Single by Dave featuring J Hus

from the album Psychodrama
- Released: 2019
- Length: 4:00
- Label: Dave; Neighbourhood;
- Songwriters: David Omoregie; Momodou Jallow; Ikeoluwa Oladigbolu; Ayodele Oyadare;
- Producers: iO; TSB;

Dave singles chronology
| "Location" (2019) | "Disaster" (2019) |  |

J Hus singles chronology
| "Dark Vader" (2018) | "Disaster" (2019) | "Daily Duppy" (2019) |

= Disaster (Dave song) =

"Disaster" is a song recorded by British rapper Dave featuring British rapper J Hus, released as the fourth single from Dave's debut studio album Psychodrama. The song was written by Dave, J Hus, Ikeoluwa Oladigbolu (aka TSB), Ayodele Oyadare (aka iO) and produced by iO, TSB, Fraser T. Smith, and Dave.

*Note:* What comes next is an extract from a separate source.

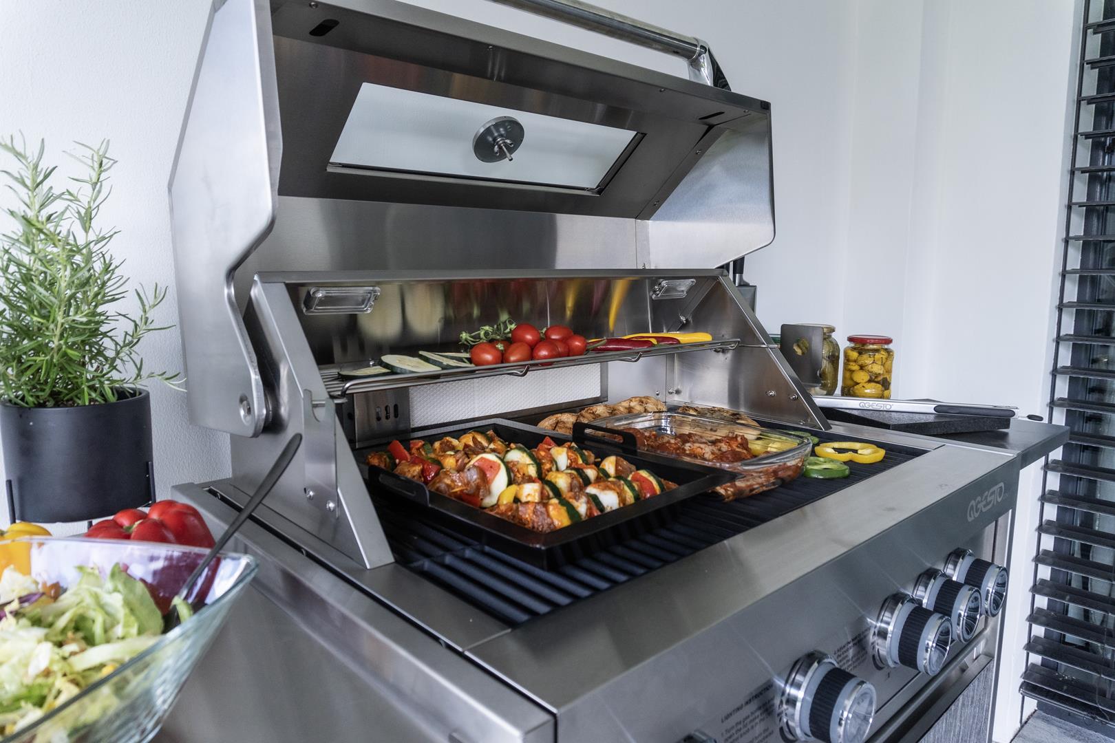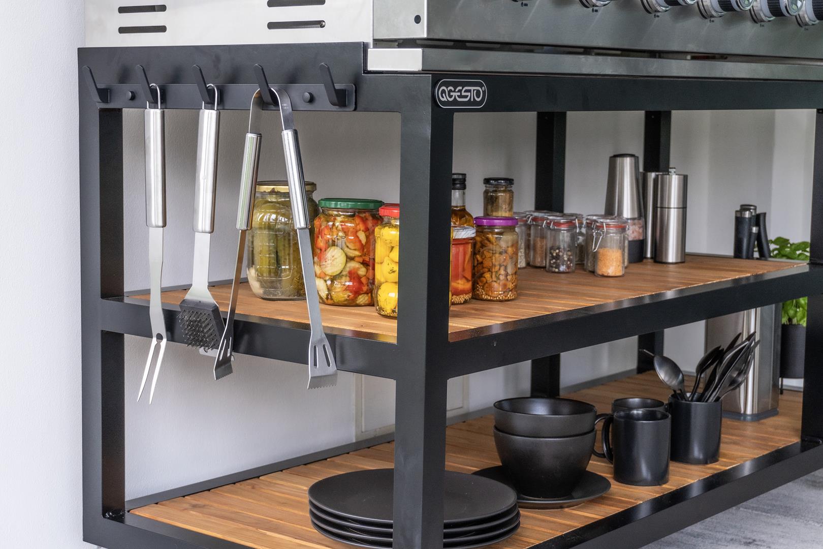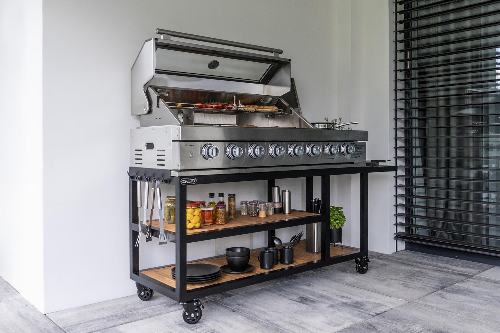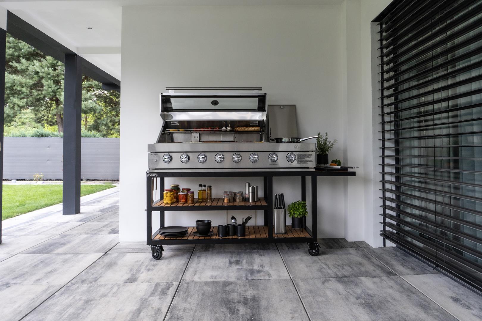Transformez votre cuisine d’extérieur avec la cuisine de jardin PARVI XXL qui apporte le style loft directement dans votre jardin. Avec son beau barbecue en acier inoxydable 304 durable, le modèle PARVI XXL se distingue non seulement par sa robustesse, mais aussi par son aspect unique. La finition noire mate des meubles donne à la cuisine un aspect brut et industriel qui s’intègre parfaitement à l’environnement moderne.

Commercially, the song reached the top 10 in the United Kingdom and top 30 in Ireland. In January 2022, it was certified as Platinum by the British Phonographic Industry for exceeding chart sales of 600,000. As of July 2025, the single has moved 847,028 units in the United Kingdom, respectively.

==Charts==

Chart performance for "Disaster"
| Chart (2019) | Peak position |
|---|---|
| Ireland (IRMA) | 23 |
| UK Singles (OCC) | 8 |
| UK Hip Hop/R&B (OCC) | 2 |

==Certifications==

Certifications for "Disaster"
| Region | Certification | Certified units/sales |
| United Kingdom (BPI) | Platinum | 600,000^{‡} |
^{‡} Sales+streaming figures based on certification alone.